Task inputs section start

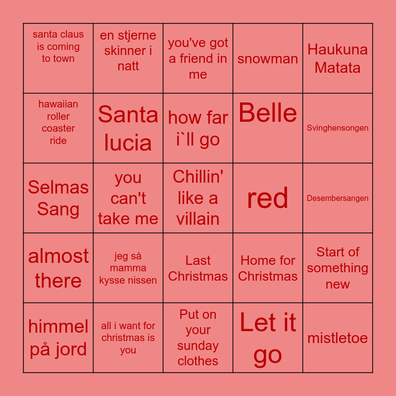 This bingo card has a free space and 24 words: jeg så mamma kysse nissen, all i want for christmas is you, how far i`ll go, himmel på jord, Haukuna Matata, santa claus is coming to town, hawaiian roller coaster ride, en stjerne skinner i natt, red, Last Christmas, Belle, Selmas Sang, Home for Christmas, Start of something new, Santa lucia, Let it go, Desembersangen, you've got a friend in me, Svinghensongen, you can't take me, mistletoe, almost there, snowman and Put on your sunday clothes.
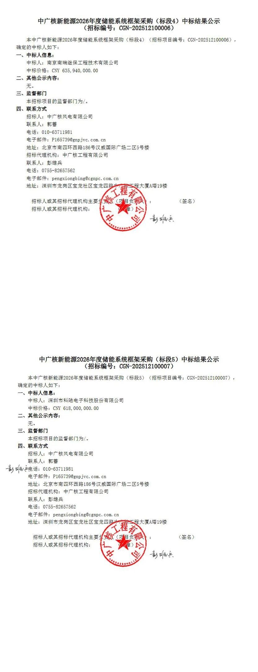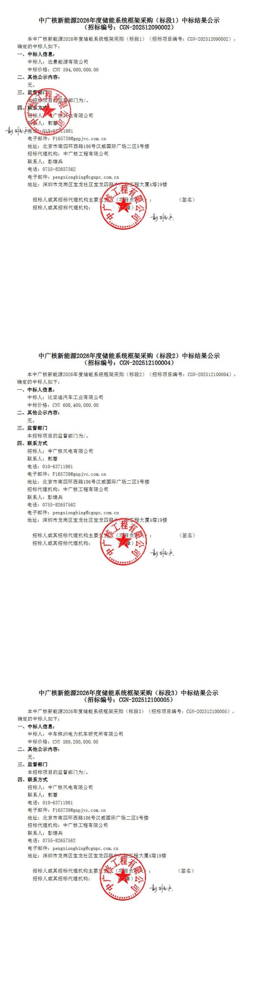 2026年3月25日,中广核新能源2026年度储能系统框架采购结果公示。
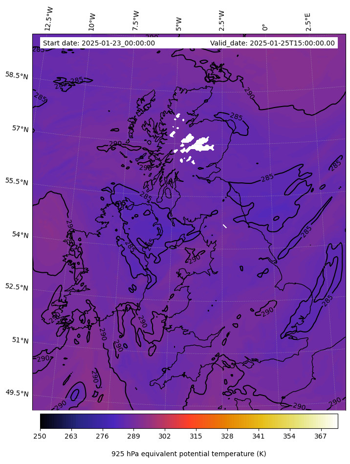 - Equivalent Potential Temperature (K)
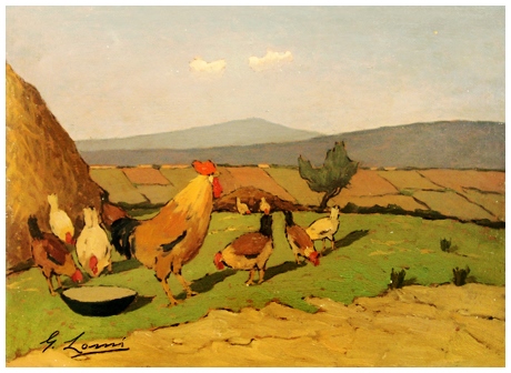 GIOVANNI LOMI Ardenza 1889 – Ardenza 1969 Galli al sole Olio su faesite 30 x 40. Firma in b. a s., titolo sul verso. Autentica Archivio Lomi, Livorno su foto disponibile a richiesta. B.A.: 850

Task inputs section end
Task inputs section start

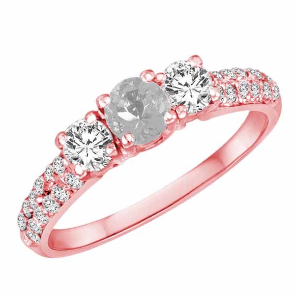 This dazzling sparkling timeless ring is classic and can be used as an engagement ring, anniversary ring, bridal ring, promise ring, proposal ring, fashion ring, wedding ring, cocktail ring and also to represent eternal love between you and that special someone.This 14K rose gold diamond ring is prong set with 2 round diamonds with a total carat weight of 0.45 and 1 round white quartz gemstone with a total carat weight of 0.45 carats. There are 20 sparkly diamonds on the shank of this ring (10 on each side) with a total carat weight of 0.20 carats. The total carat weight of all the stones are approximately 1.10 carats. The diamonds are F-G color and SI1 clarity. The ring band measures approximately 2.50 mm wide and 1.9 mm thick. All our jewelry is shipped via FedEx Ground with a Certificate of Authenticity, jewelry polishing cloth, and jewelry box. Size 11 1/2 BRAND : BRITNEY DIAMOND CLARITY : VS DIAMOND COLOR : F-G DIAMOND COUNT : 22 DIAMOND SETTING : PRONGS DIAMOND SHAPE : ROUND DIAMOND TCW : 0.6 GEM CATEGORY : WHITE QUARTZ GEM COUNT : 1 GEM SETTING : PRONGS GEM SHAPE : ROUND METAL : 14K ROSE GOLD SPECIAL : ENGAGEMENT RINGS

Task inputs section end
Task inputs section start

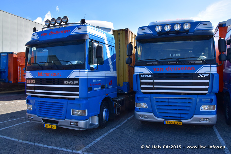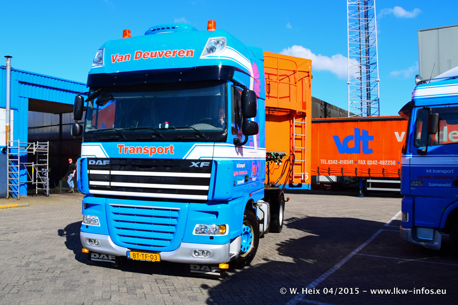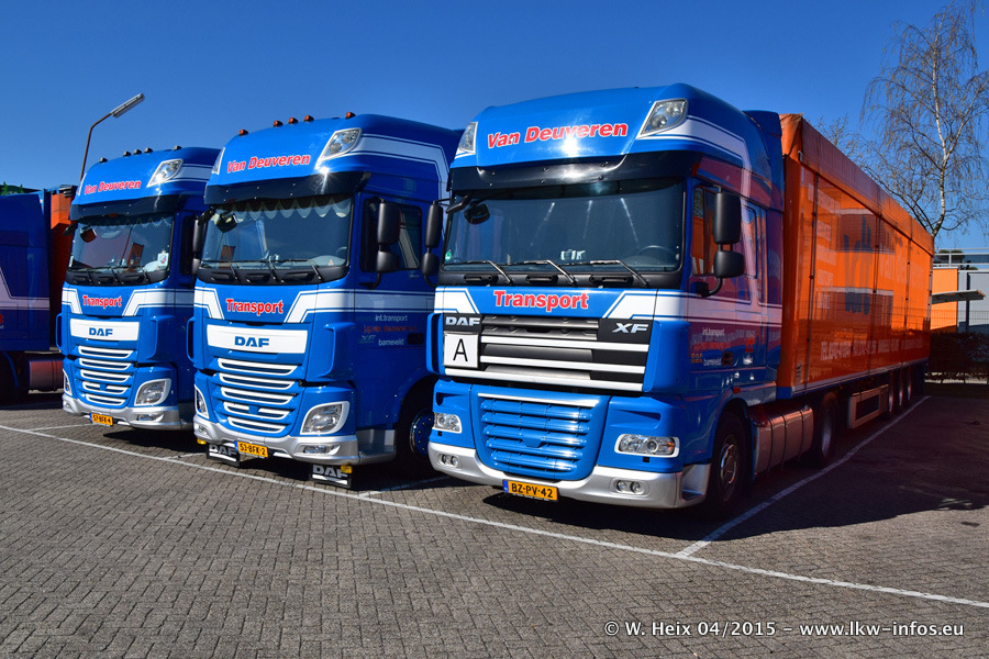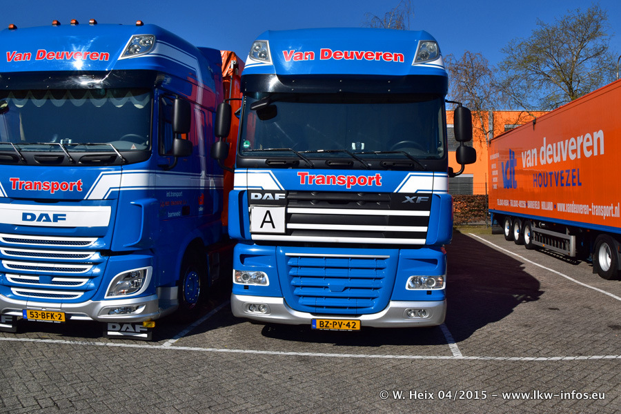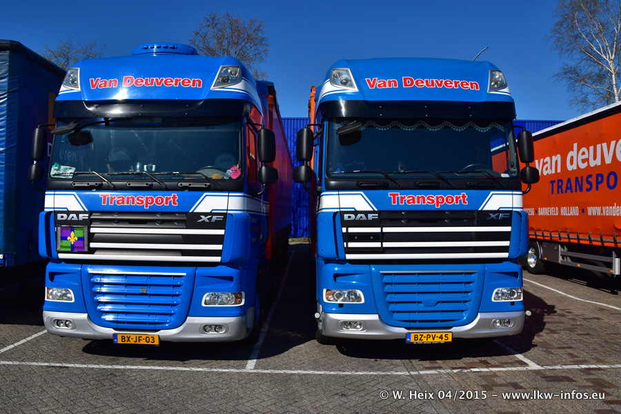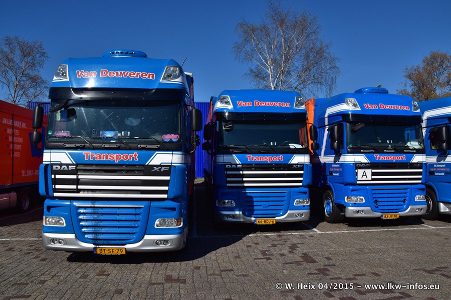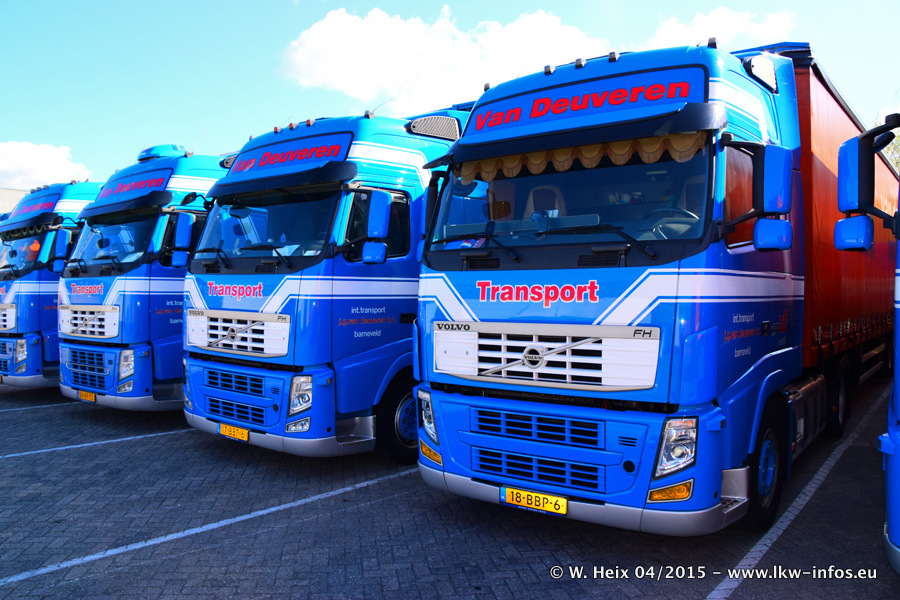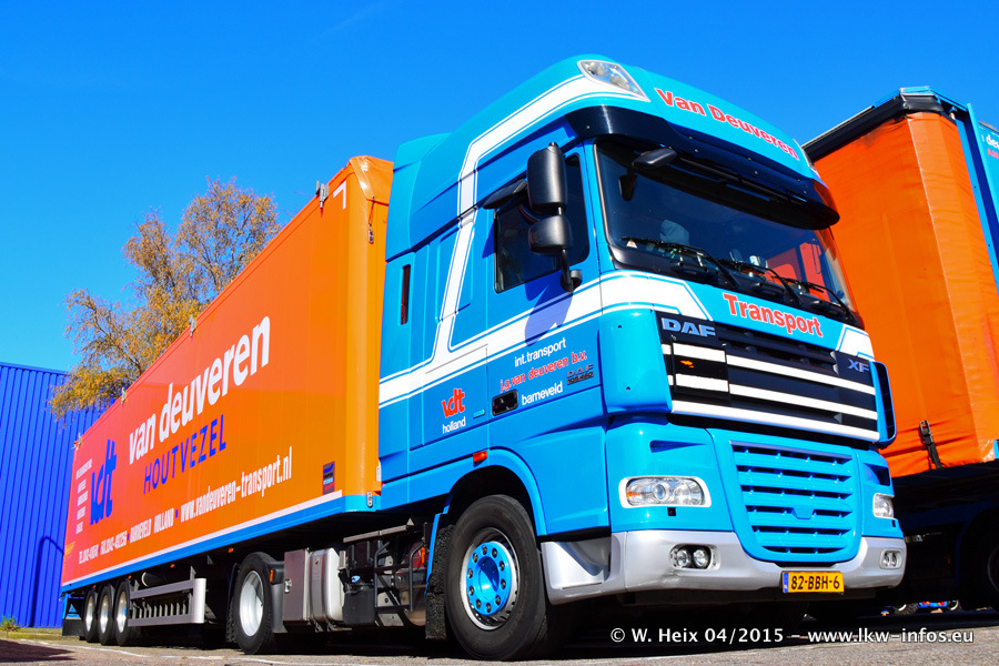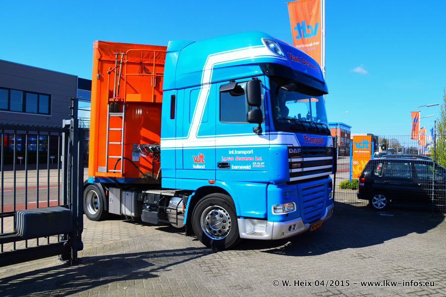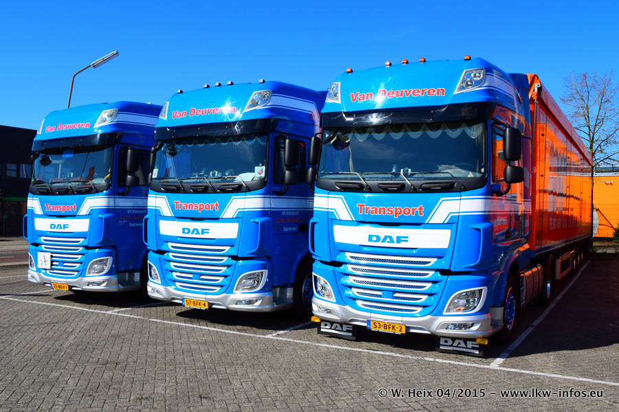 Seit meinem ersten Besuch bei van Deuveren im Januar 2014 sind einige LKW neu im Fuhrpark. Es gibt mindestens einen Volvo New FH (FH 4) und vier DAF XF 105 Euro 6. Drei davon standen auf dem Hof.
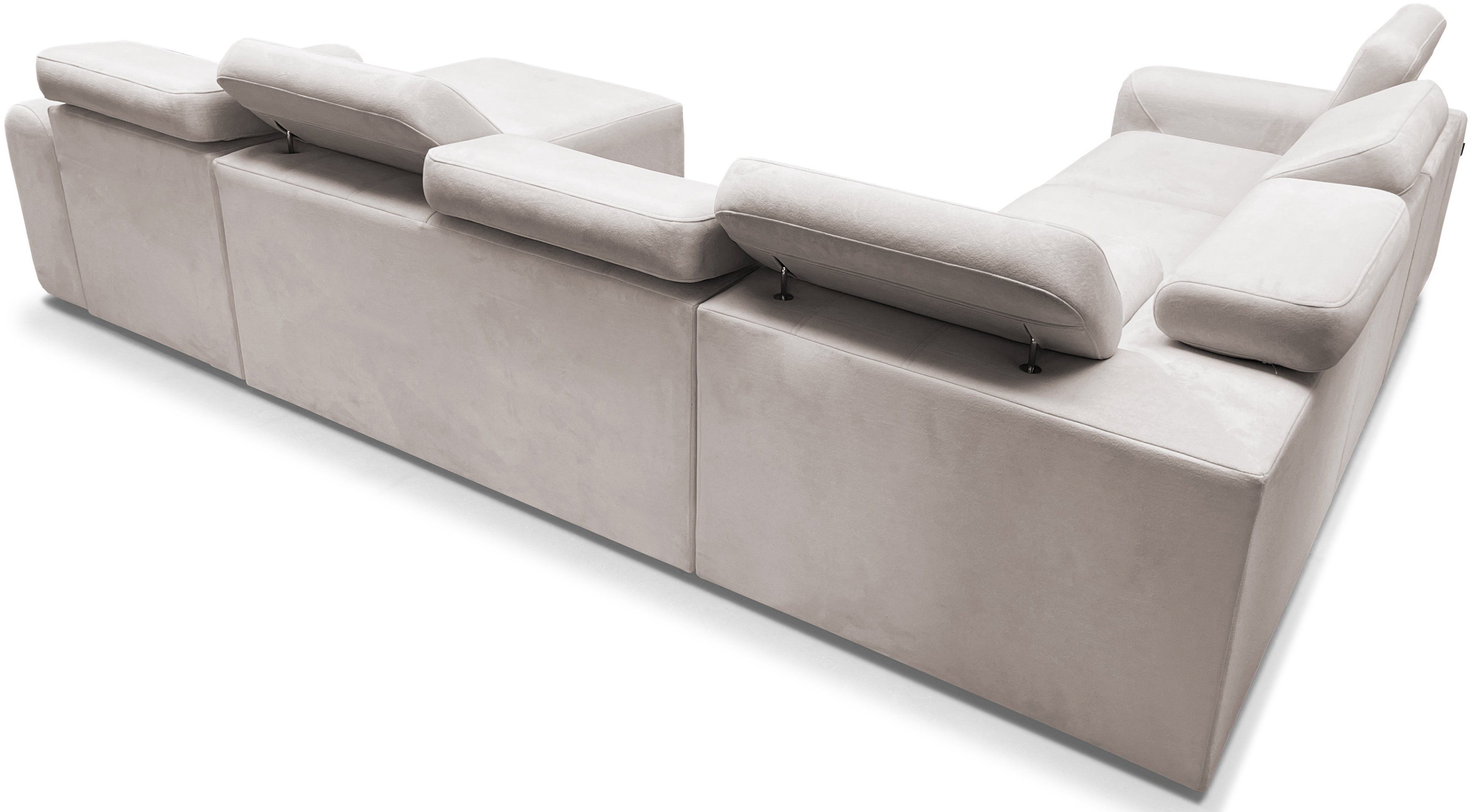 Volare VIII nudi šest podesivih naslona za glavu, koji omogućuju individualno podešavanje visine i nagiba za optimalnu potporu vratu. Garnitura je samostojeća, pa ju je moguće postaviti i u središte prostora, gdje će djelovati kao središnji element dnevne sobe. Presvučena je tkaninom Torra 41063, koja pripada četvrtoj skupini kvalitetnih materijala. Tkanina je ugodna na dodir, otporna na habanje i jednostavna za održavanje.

Task inputs section end

**Task item**
Please return the material above only from the line that holds "This bingo card" through the line that holds "GIOVANNI LOMI Ardenza", exactly as it stands, ends included and pictures omitted.

**Response to the task**
 This bingo card has a free space and 24 words: jeg så mamma kysse nissen, all i want for christmas is you, how far i`ll go, himmel på jord, Haukuna Matata, santa claus is coming to town, hawaiian roller coaster ride, en stjerne skinner i natt, red, Last Christmas, Belle, Selmas Sang, Home for Christmas, Start of something new, Santa lucia, Let it go, Desembersangen, you've got a friend in me, Svinghensongen, you can't take me, mistletoe, almost there, snowman and Put on your sunday clothes.
 2026年3月25日,中广核新能源2026年度储能系统框架采购结果公示。
 - Equivalent Potential Temperature (K)
 GIOVANNI LOMI Ardenza 1889 – Ardenza 1969 Galli al sole Olio su faesite 30 x 40. Firma in b. a s., titolo sul verso. Autentica Archivio Lomi, Livorno su foto disponibile a richiesta. B.A.: 850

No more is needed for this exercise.